Священник говорит, что миссис Скорби обрела мир. Будем надеяться, что это правда. А вот семья ее несомненно мир обрела. Нетрудно понять, в чем здесь ошибка. Материнская любовь — прежде всего дар. Но дарует она, чтобы довести ребенка до той черты, после которой он в этом даре нуждаться не будет. Мы кормим детей, чтобы они со временем сами научились есть; мы учим их, чтобы они выучились, чему нужно. Эта любовь работает против себя самой. Цель наша — стать ненужными. «Я больше им не нужна» — награда для матери, признание хорошо выполненного дела. Но инстинкт по природе своей этому противится. Он тоже хочет ребенку добра, только — своего, от матери исходящего. Если не включится более высокая любовь, которая хочет любимому добра, откуда бы оно ни исходило, мать не сдается. Чаще всего так и бывает. Чтобы в ней нуждались, мать выдумывает несуществующие нужды или отучает ребенка от самостоятельности. Совесть ее при этом чиста; она не без оснований думает, что любовь ее — дар, и выводит из этого, что эгоизма в ней нет.

Касается это, конечно, не только матерей. Любая привязанность-дар может к этому привести, например любовь опекуна к опекаемому. Эмма у Джейн Остен хочет счастья Гарриет Смит, но только такого, которое приготовила сама Эмма. Опасность эта очень сильна в моей профессии. Университетский преподаватель должен дать ученику столько, чтобы тот не нуждался в нем, более того, чтобы тот мог стать его соперником и критиком. Мы должны радоваться, когда это случится, как радуется учитель фехтования, когда ученик выбьет у него шпагу. Многие и радуются; но не все.

Я достаточно стар, чтобы помнить доктора Кварца. Ни в одном университете не было такого хорошего и усердного учителя.

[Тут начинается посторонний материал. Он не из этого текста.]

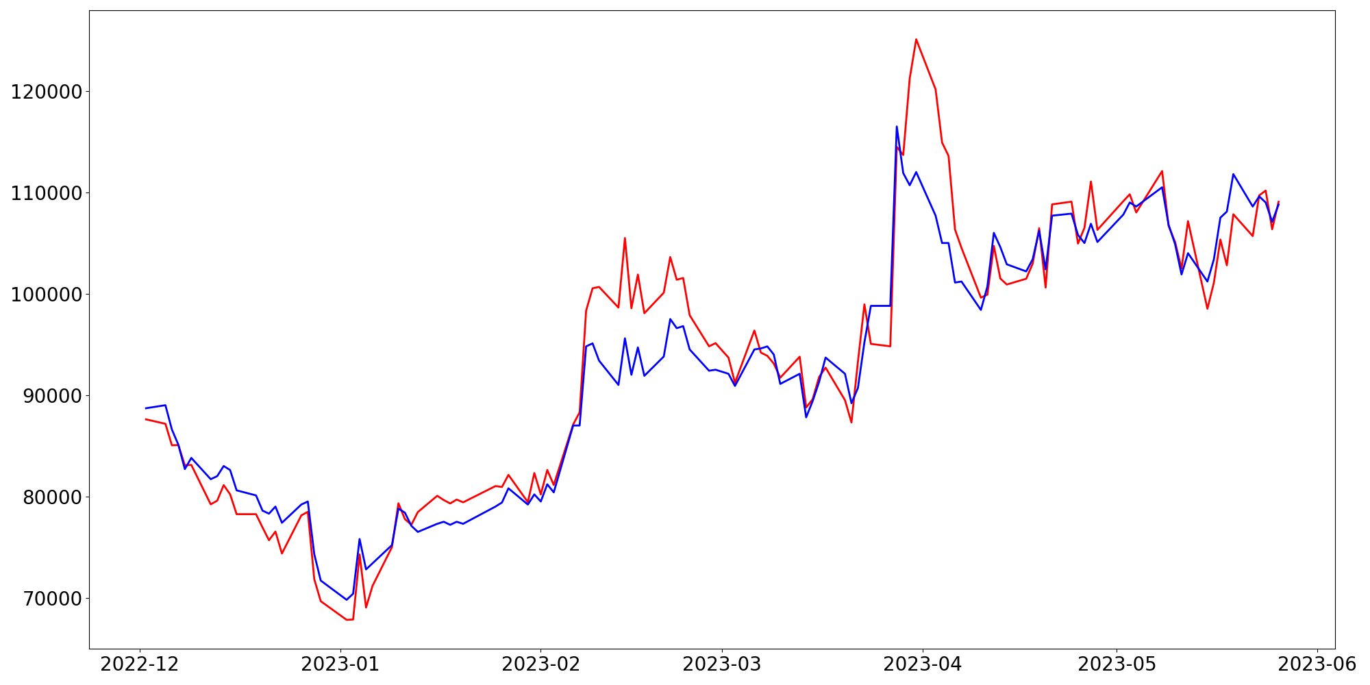 [ - : 실제값(종가) / - : 예측값(종가) ]

Он буквально отдавал себя ученикам, и они его любили, почитали. Когда он перестал заниматься с ними, они не оставили его, часто заходили к нему и долго с ним спорили. Но вот — через месяцы или через недели — наступил роковой вечер, когда им сказали, что доктора нет дома. Так его с тех пор и не было. Дело в том, что они посмели с ним не согласиться. Встретившись с той самой независимостью, которую он воспитывал, доктор Кварц ее не вынес. Вотан создал свободного Зигфрида, а увидев, что Зигфрид свободен, разгневался. Доктор Кварц был несчастным человеком.

Страшная нужда в том, чтобы в нас нуждались, находит выход в любви к животным. Фраза «Он (она) любит животных» не значит ничего. Любить животных можно по-разному. С одной стороны, домашнее животное — мост между нами и природой. Всем нам бывает грустно оттого, что мы, люди, одиноки в мире живого — почти утратили чутье, видим себя со стороны, вникаем в бесчисленные сложности, не умеем жить в настоящем. Мы не можем и не должны уподобляться животным. Но мы можем быть с ними. Животное достаточно личностно, чтобы предлог "с" выступил во всей своей силе; и все же оно — небольшой комок биологических импульсов. Собака или кошка тремя лапами стоит в природе, одной — там, где мы. Животное — это посланец. Кто не хотел бы, как сказал Бозанкет",31 «направить посла ко двору великого Пана»? Человек с собакой или с котом затыкает дыру в мироздании. Но, с другой стороны, животное можно воспринять неправильно. Если вы хотите быть нужным, а семье удалось от вас увернуться, животное может заменить ее. Несчастное создание принесет вашим родным большую пользу, вроде громоотвода; вы будете так заняты тем, чтобы портить ему жизнь, что у вас не хватит времени портить жизнь им. Собака подойдет тут больше кошки. Говорят, лучше всего — обезьяны. Животному вашему, конечно, не посчастливилось. Но может быть, оно не сумеет понять, как вы ему навредили; а если и сумеет, вы о том не узнаете. Самый забитый человек нет-нет да взорвется и выскажет все как есть. На ваше счастье, животное лишено дара речи.